• RECORD EXCERPTS
=-=-=
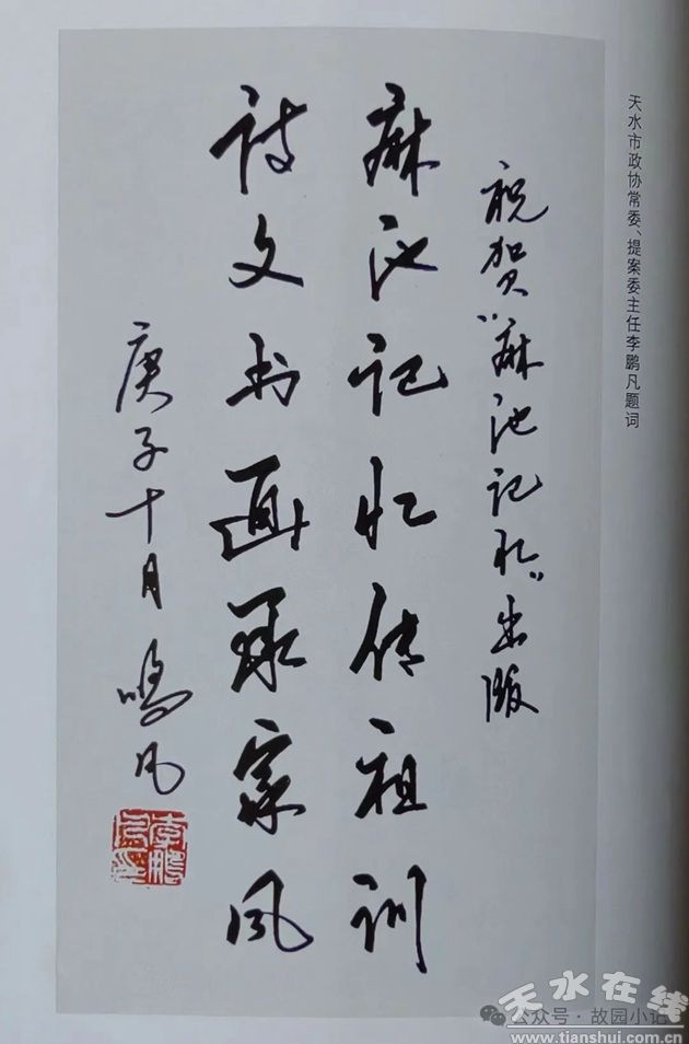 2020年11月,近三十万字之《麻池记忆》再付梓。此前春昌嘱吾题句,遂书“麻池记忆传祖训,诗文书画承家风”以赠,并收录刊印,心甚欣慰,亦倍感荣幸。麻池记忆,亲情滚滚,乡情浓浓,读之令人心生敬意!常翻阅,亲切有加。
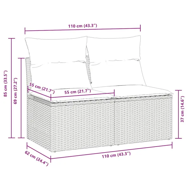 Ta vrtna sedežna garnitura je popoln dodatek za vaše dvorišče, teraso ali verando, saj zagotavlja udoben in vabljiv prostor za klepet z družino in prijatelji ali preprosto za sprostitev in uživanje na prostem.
=-=-=
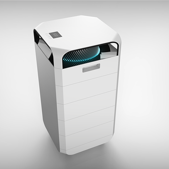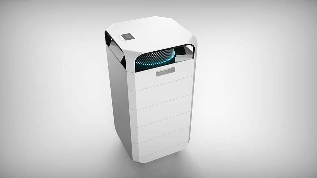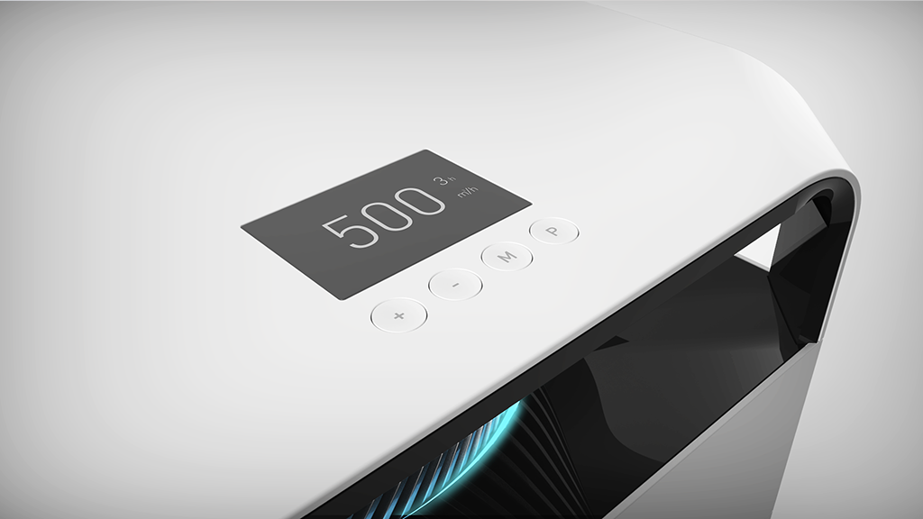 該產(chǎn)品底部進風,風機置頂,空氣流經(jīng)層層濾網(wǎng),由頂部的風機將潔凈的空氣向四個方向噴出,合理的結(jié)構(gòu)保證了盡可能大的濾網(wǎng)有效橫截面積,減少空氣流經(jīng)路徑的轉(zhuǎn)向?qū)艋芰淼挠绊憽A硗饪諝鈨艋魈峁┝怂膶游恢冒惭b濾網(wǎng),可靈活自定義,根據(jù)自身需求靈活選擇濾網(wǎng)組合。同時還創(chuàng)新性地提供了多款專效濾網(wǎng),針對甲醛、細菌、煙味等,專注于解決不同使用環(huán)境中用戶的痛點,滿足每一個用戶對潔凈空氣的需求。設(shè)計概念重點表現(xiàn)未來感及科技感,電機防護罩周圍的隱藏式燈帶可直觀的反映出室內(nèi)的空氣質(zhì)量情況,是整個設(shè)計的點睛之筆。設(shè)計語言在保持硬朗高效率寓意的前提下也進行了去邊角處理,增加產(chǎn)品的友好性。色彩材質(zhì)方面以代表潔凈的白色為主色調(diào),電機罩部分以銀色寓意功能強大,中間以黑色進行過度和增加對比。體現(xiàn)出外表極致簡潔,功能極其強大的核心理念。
=-=-=
Using the listing above, repeat word for word each line from the one with "2020年11月,近三十万字" down to the one with "Ta vrtna sedežna", both included. Omit all pictures.

 2020年11月,近三十万字之《麻池记忆》再付梓。此前春昌嘱吾题句,遂书“麻池记忆传祖训,诗文书画承家风”以赠,并收录刊印,心甚欣慰,亦倍感荣幸。麻池记忆,亲情滚滚,乡情浓浓,读之令人心生敬意!常翻阅,亲切有加。
 Ta vrtna sedežna garnitura je popoln dodatek za vaše dvorišče, teraso ali verando, saj zagotavlja udoben in vabljiv prostor za klepet z družino in prijatelji ali preprosto za sprostitev in uživanje na prostem.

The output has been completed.